Der erfolgreiche Verkauf ist oft komplexer als die einstige Gründung
Aus heutiger Sicht zeigt sich Andreas Mayer erleichtert über die Entscheidung: „Wir hatten bereits Angebote von zwei Investoren vorliegen und wussten nicht, wie wir diese einschätzen sollten. Zum Glück haben wir dann mit Aquin professionelle Unterstützung gefunden, die uns im ersten Schritt davor bewahrt hat, mit einem der beiden Interessenten alleine weiterzusprechen. Nach der Präsentation der Wertanalyse von Aquin ahnten wir bereits, was durch die eingeholten Angebote im Zuge des professionell aufgesetzten M&A-Prozesses auch bestätigt wurde: Die beiden Interessenten hatten versucht, ein Schnäppchen zu machen.“
Die detaillierte Herausarbeitung einer Transaktionsstruktur, die alle Interessen der beteiligten Personen berücksichtigt, ist stets einer der wichtigsten vorbereitenden Schritte. Der Wunsch der Familie war, die Marke zu erhalten, beteiligt zu bleiben und den Unternehmensgeist zu bewahren. Finanzinvestoren konnten hierfür im Vergleich zu Medtech-Konzernen ein attraktiveres Paket bieten.
„Unser M&A-Berater konnte uns den Rücken freihalten, sodass wir uns auf unser operatives Geschäft fokussieren konnten. Aquin hat uns geholfen, unser Familienunternehmen mit breiterem Gesellschafter-Team und einem Investor zukunftssicher umzugestalten. Auch die Beteiligung unseres Vertriebsleiters ist gelungen“, erzählt Andreas Mayer. „Aquin zeigte sich dabei nicht nur meisterhaft sattelfest in allen Phasen des Prozesses, sondern auch feinsinnig und mit viel Gespür für unsere Situation als Familienbetrieb und die besondere Unternehmenskultur. So fanden wir aus rund 50 Bewerbern einen Investor, der zu uns passt und unsere Werte teilt.“
Der letztlich ausgewählte Investor ist EMZ Partners, ein Private-Equity-Haus mit französischen Wurzeln. Neben dem wettbewerbsfähigen Angebot überzeugte das Team um Klaus Maurer durch eine offene, direkte und wertschätzende Art. EMZ hat trotz der Verhandlungsintensität einer Transaktion den Menschen im Auge behalten und sich so als kompatibel mit der Firmenkultur von Fotofinder gezeigt. Ein Telefonat mit dem Unternehmer eines Portfoliounternehmens von EMZ hatte Andreas Mayer zuversichtlich gestimmt, dass die unternehmerische Gestaltungsfreiheit im täglichen Tun mit diesem Investor weitgehend erhalten bleibt.
Das erste Jahr mit dem Investor
Fotofinder hat sich im ersten Jahr nach dem Einstieg von EMZ weiterhin positiv entwickelt.
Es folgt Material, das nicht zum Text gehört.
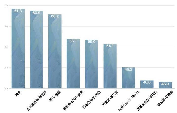 1.達(dá)到60mm接近純水的【高流動(dòng)性組】,代表樣本為【百利金逸彩橄欖綠】、【寫樂極黑】;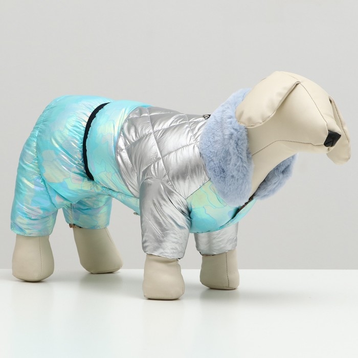 Зимний и уютный комбинезон для вашего питомца. Комбинезон застегивается по животу на кнопки, имеет удобную резинку-утяжку и высокий меховой воротник. С таким милым комбинезоном ваш любимец будет не только очень стильным, но и защищенным от холода и ветра, а осенние и зимние прогулки для вас теперь только в радость! Наружная поверхность комбинезона водонепроницаема, внутри комбинезон набит плотным синтепоном, что обеспечивает тепло и комфорт. Имеется специальное кольцо для поводка. Модель унисекс (для мальчиков и девочек), в области паха живот открыт.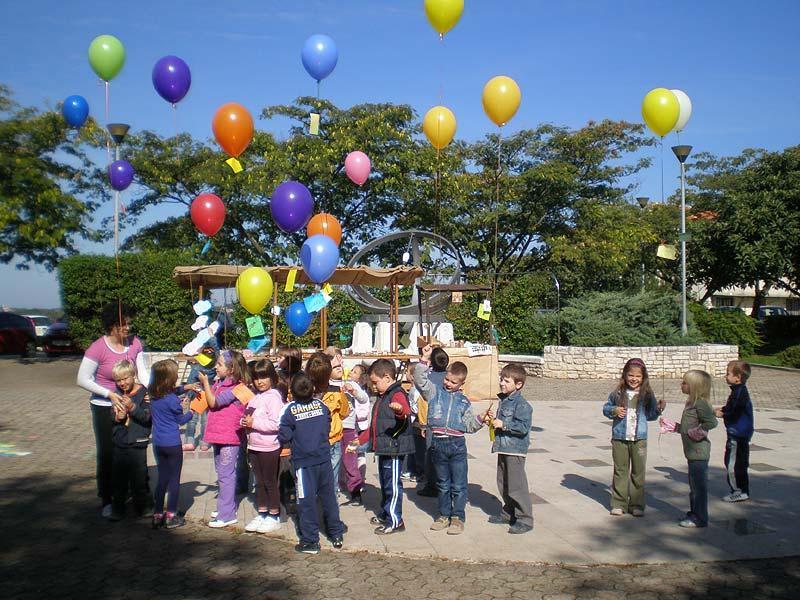 Dodatnu radost izazvali su baloni na kojima su djeca postavljala svoje poruke i crteže, a potom ih puštala da lete i „putuju na jug kao rode!“ Poruke poput “Pomognite jedni drugima“, „Volite se“, „Pustite nas da još malo spavamo“ odletjele su nošene vjetrom i izazvale kod djece veliko uzbuđenje.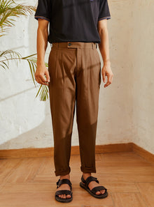 Presenting a light-weight pleated pant that weaves in style & comfort effortlessly. Crafted from Viscose-Cotton blend in a twill weave. The blended fabric makes the pants drape better & feel softer. These pants are double pleated, allowing for more breathing room around the thighs & feature an extended waistband.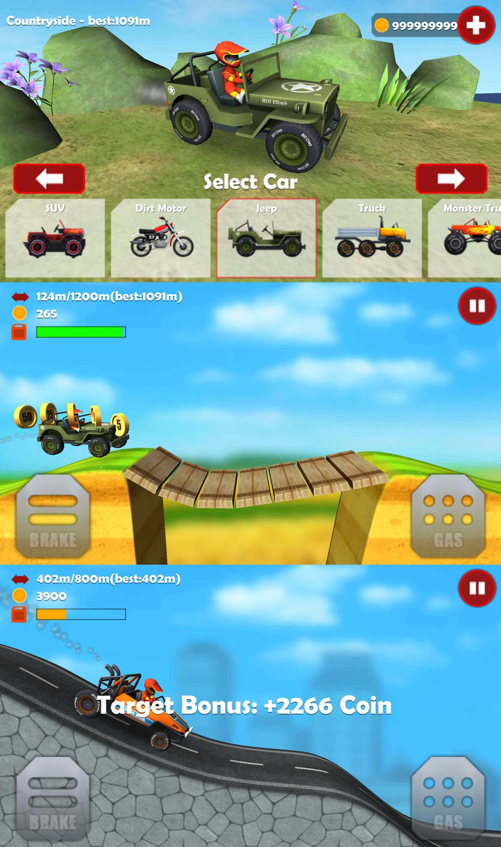 这是一款休闲娱乐越野赛车游戏!驾驶你的赛车在有限的时间内行驶最远的距离。各类车辆随意挑选,更有各种地图等你来刷新最远的记录。免费使用金币!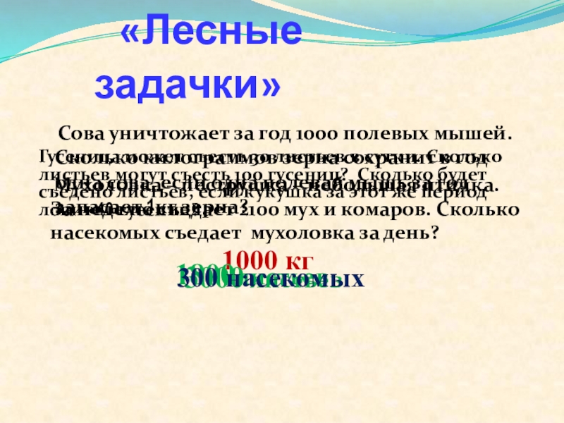 Гусеница может съесть 30 листьев в сутки. Сколько листьев могут съесть 100 гусениц? Сколько будет съедено листьев, если кукушка за этот же период ловит 40 гусениц?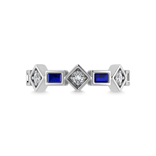 14K White Gold Blue Sapphire & Diamond 7/8 Ct.Tw. Stackable Band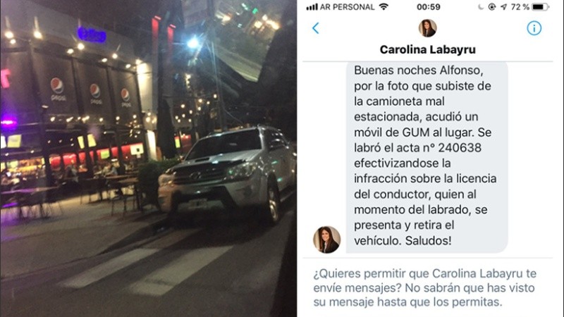 Alfonso, el usuario que subió la fotografía a sus redes, compartió también el mensaje que la secretaria de Control y Convivencia Carolina Labayru le envió después del procedimiento donde se constató la infracción. En él le informaba que "acudió un móvil de la GUM (Guardia Urbana Municipal) al lugar" y "se labró el acta" correspondiente para efectivizar "la infracción sobre la licencia del conductor".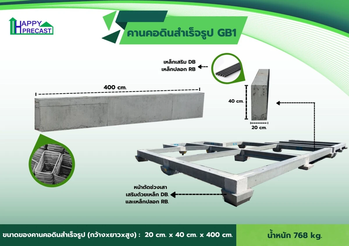 คานคอดินสำเร็จรูป GB1 ขนาด 0.20×0.40×4 เมตร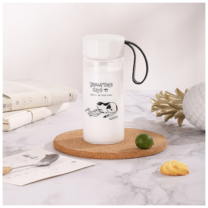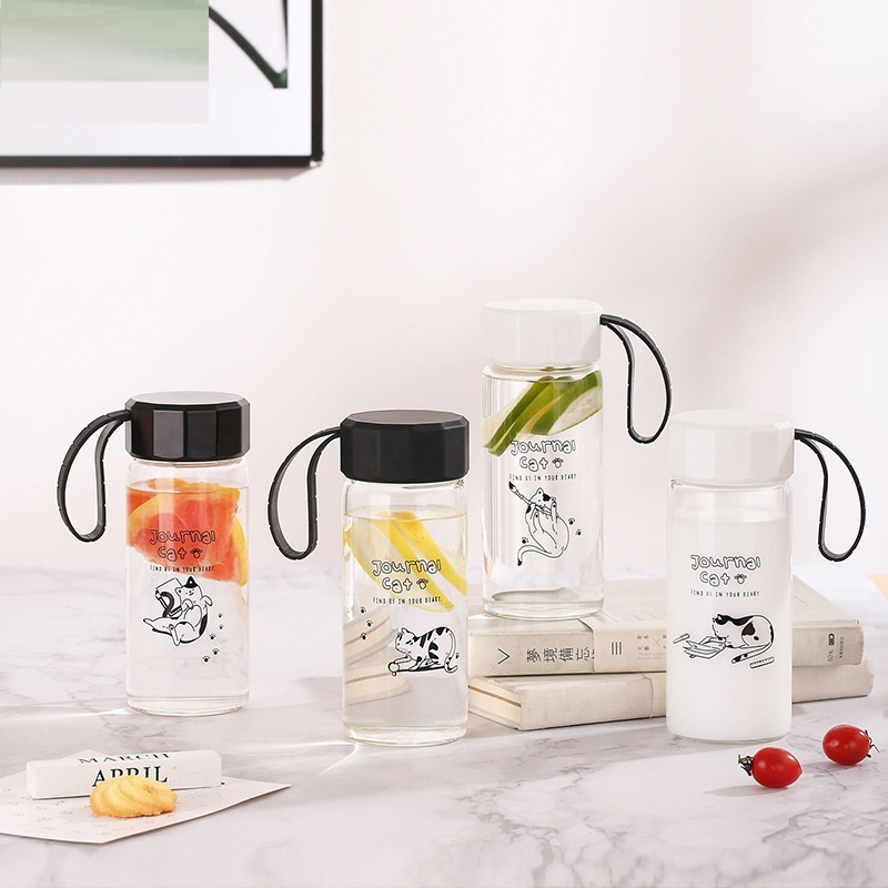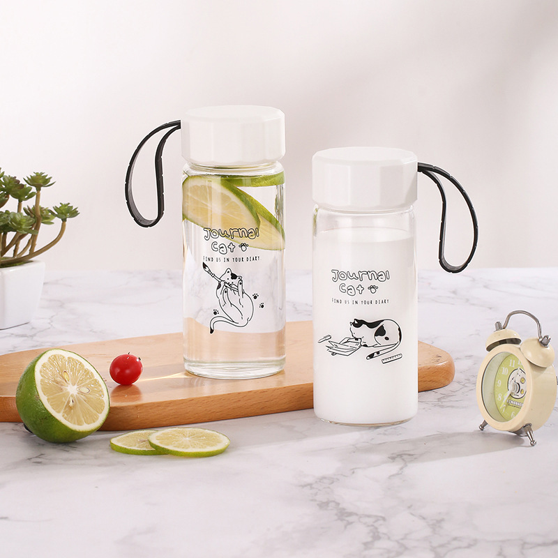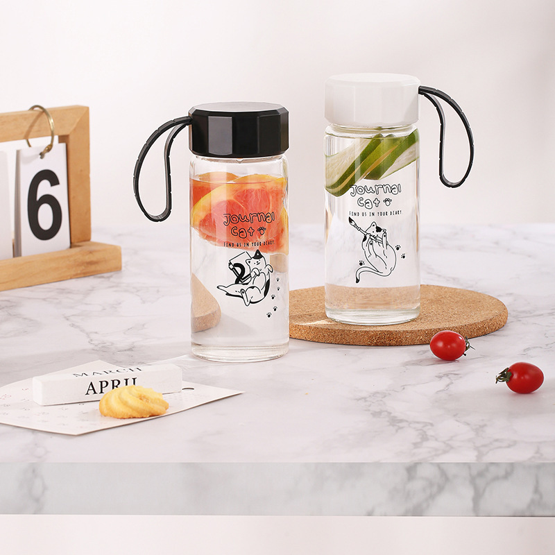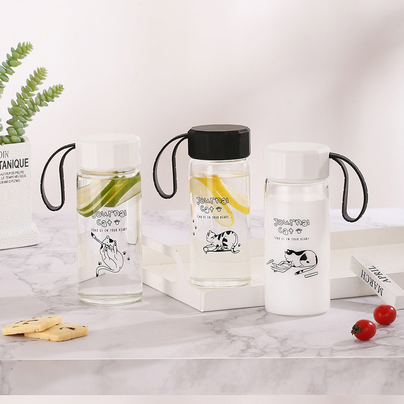 新款高硼硅玻璃杯户外卡通猫咪可爱耐高温硅胶提手水杯可定制

Als wesentlichste Veränderung ist die Professionalisierung des Controllings zu nennen. Obwohl dies im ersten Jahr nach dem Einstieg von EMZ einigen Implementierungsaufwand verursacht hat, hat es zu einer erheblichen Verbesserung der faktenbasierten Berichterstattung des Unternehmens beigetragen.
„Mir persönlich würde zwar eine Aufbereitung der Zahlen pro Quartal ausreichen, ich sehe aber das berechtigte Informationsbedürfnis von EMZ sowie die zunehmende Eingespieltheit im Erstellen der Monatsreports. Außerdem, ich gebe es zu, fühlt es sich gut an, das Reporting sauber dastehen zu haben und auf Knopfdruck ein Bauchgefühl überprüfen zu können“, resümiert Andreas Mayer. „EMZ vertraut uns als Management-Team und mischt sich nicht in das Tagesgeschäft ein. Durch das entgegengebrachte Vertrauen haben wir die Freiheit, Fotofinder weiterhin erfolgreich in unserem Sinne zu führen.“
* Felix Kampen ist Managing Director und Martin Kanatschnig ist Vorstand bei der Aquin & Cie. AG.